━━━━━ Source material
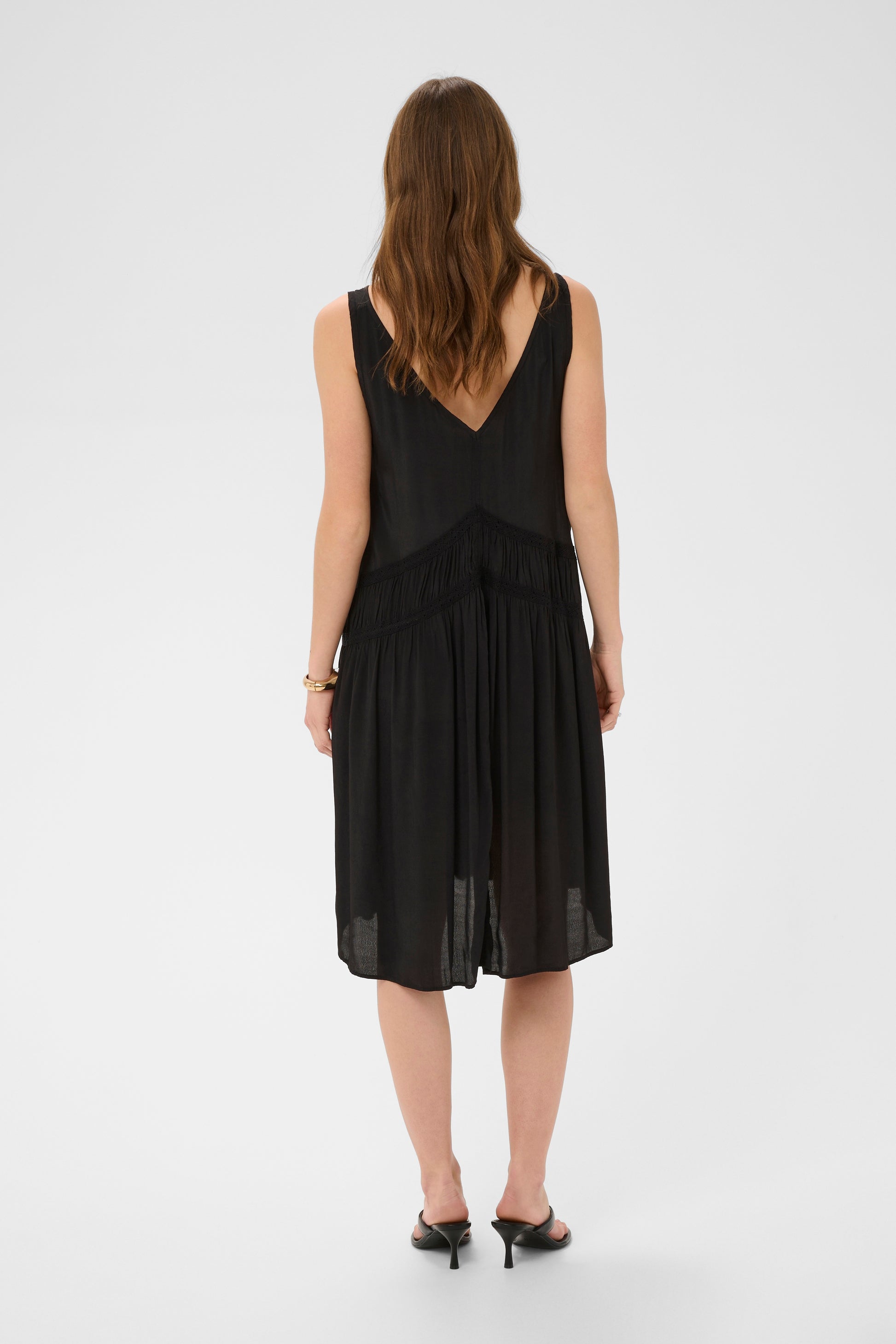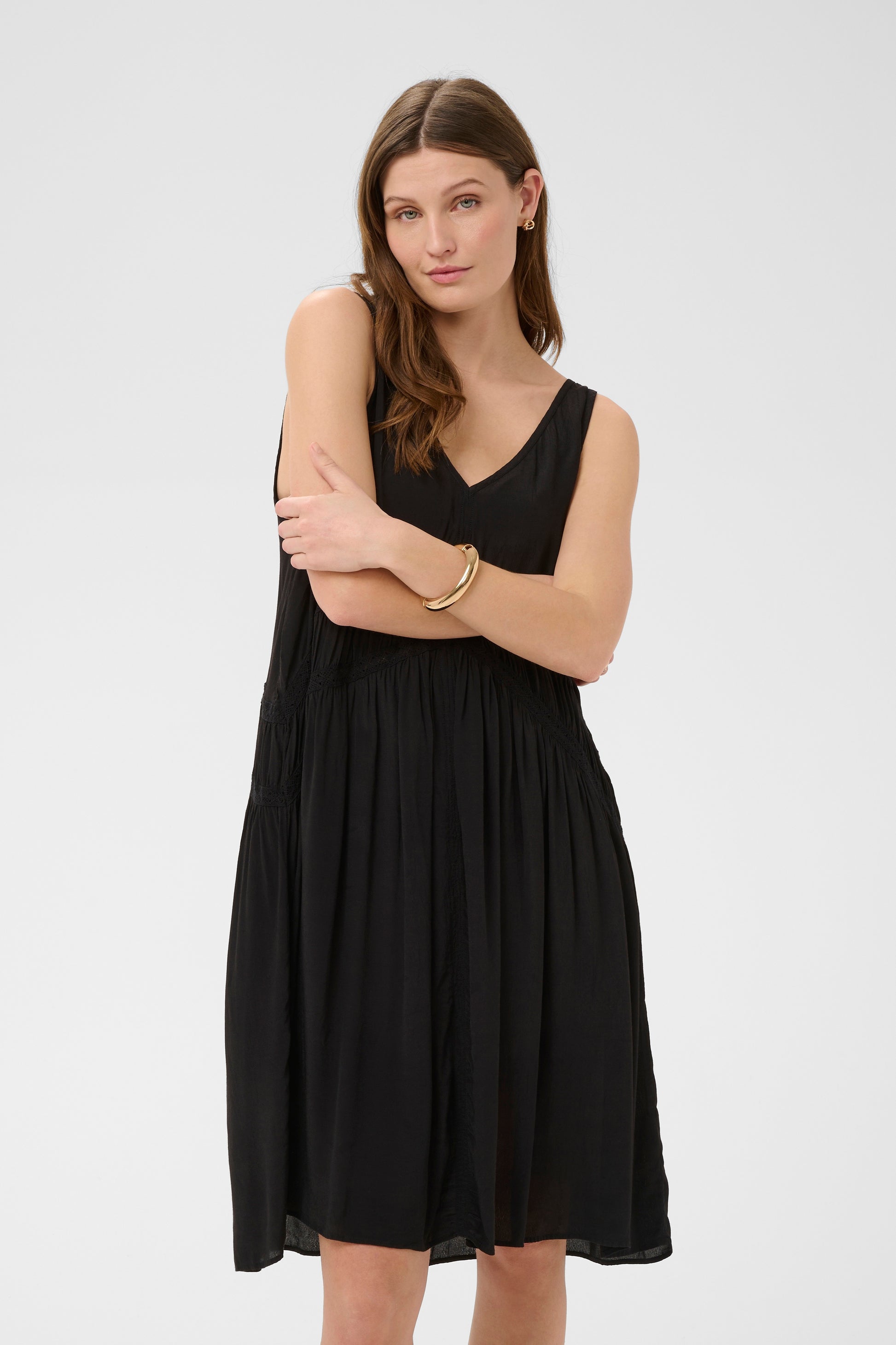 Effortlessly feminine sleeveless dress crafted in a soft, lightweight fabric with a fluid drape. Designed with a flattering V-neckline and relaxed, flowy silhouette, it features delicate lace trim and gathered detailing that add subtle texture and movement. An easy, versatile piece perfect for warm days or layering with tailored staples.
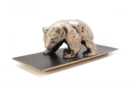 La pieza presenta una rica paleta de colores y líneas orgánicas que parecen fluir y entrelazarse sobre el cuerpo del oso, sugiriendo una conexión simbólica entre la fuerza del animal y los elementos de la tierra. Con acabados brillantes y detalles meticulosos, esta obra logra captar la atención tanto por su forma reconocible como por su intrincada superficie.
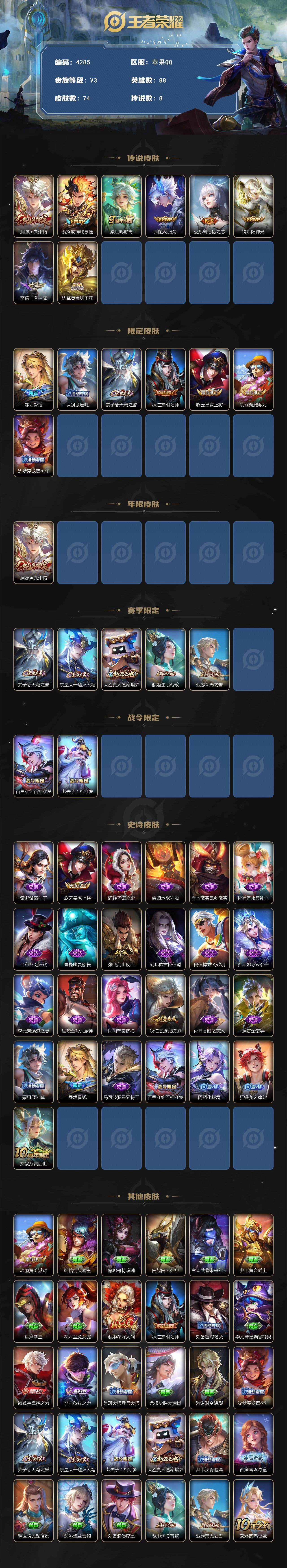 苹果Q-V3-永恒钻石III段位-88英雄-74皮肤-8传说-25史诗【传说
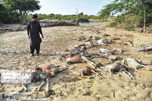 تصاویر اتلاف شمار زیادی احشام بر اثر سیلاب جنوب سیستان و بلوچستان را نشان می دهد.
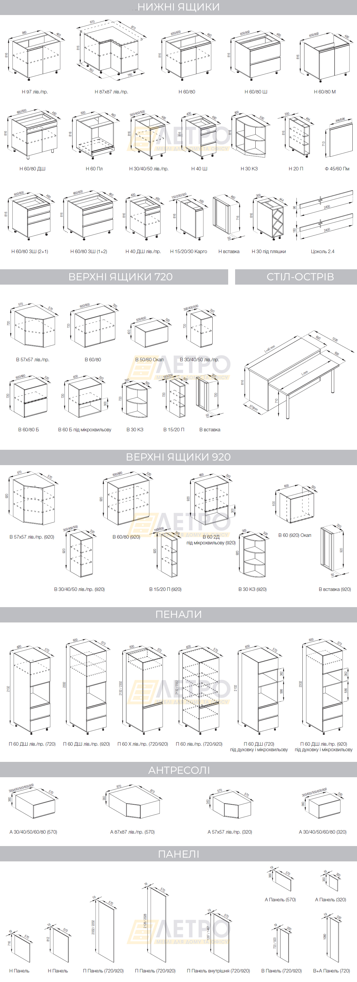 - Для приблизного прорахунку вашої кухні - помножте потрібний вам метраж (вашої кухні) на ціну за 1 метр.
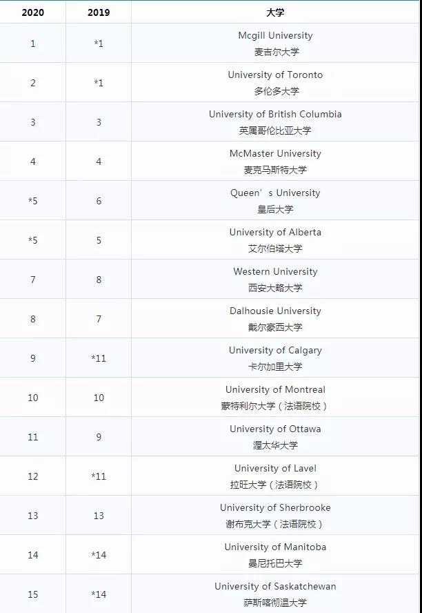 在今年的医博类排名中,麦吉尔大学继续称霸榜单;2018年名列第一的多伦多大学下降了一位,今年排名第2;英属哥伦比亚大学排名第3位;麦克马斯特大学排名第4;皇后大学排名第5;在法语院校中,排名最高的是蒙特利尔大学。
━━━━━━━━━━
Please copy the data above exactly; the pictures do not belong in the copy.

 Effortlessly feminine sleeveless dress crafted in a soft, lightweight fabric with a fluid drape. Designed with a flattering V-neckline and relaxed, flowy silhouette, it features delicate lace trim and gathered detailing that add subtle texture and movement. An easy, versatile piece perfect for warm days or layering with tailored staples.
 La pieza presenta una rica paleta de colores y líneas orgánicas que parecen fluir y entrelazarse sobre el cuerpo del oso, sugiriendo una conexión simbólica entre la fuerza del animal y los elementos de la tierra. Con acabados brillantes y detalles meticulosos, esta obra logra captar la atención tanto por su forma reconocible como por su intrincada superficie.
 苹果Q-V3-永恒钻石III段位-88英雄-74皮肤-8传说-25史诗【传说
 تصاویر اتلاف شمار زیادی احشام بر اثر سیلاب جنوب سیستان و بلوچستان را نشان می دهد.
 - Для приблизного прорахунку вашої кухні - помножте потрібний вам метраж (вашої кухні) на ціну за 1 метр.
 在今年的医博类排名中,麦吉尔大学继续称霸榜单;2018年名列第一的多伦多大学下降了一位,今年排名第2;英属哥伦比亚大学排名第3位;麦克马斯特大学排名第4;皇后大学排名第5;在法语院校中,排名最高的是蒙特利尔大学。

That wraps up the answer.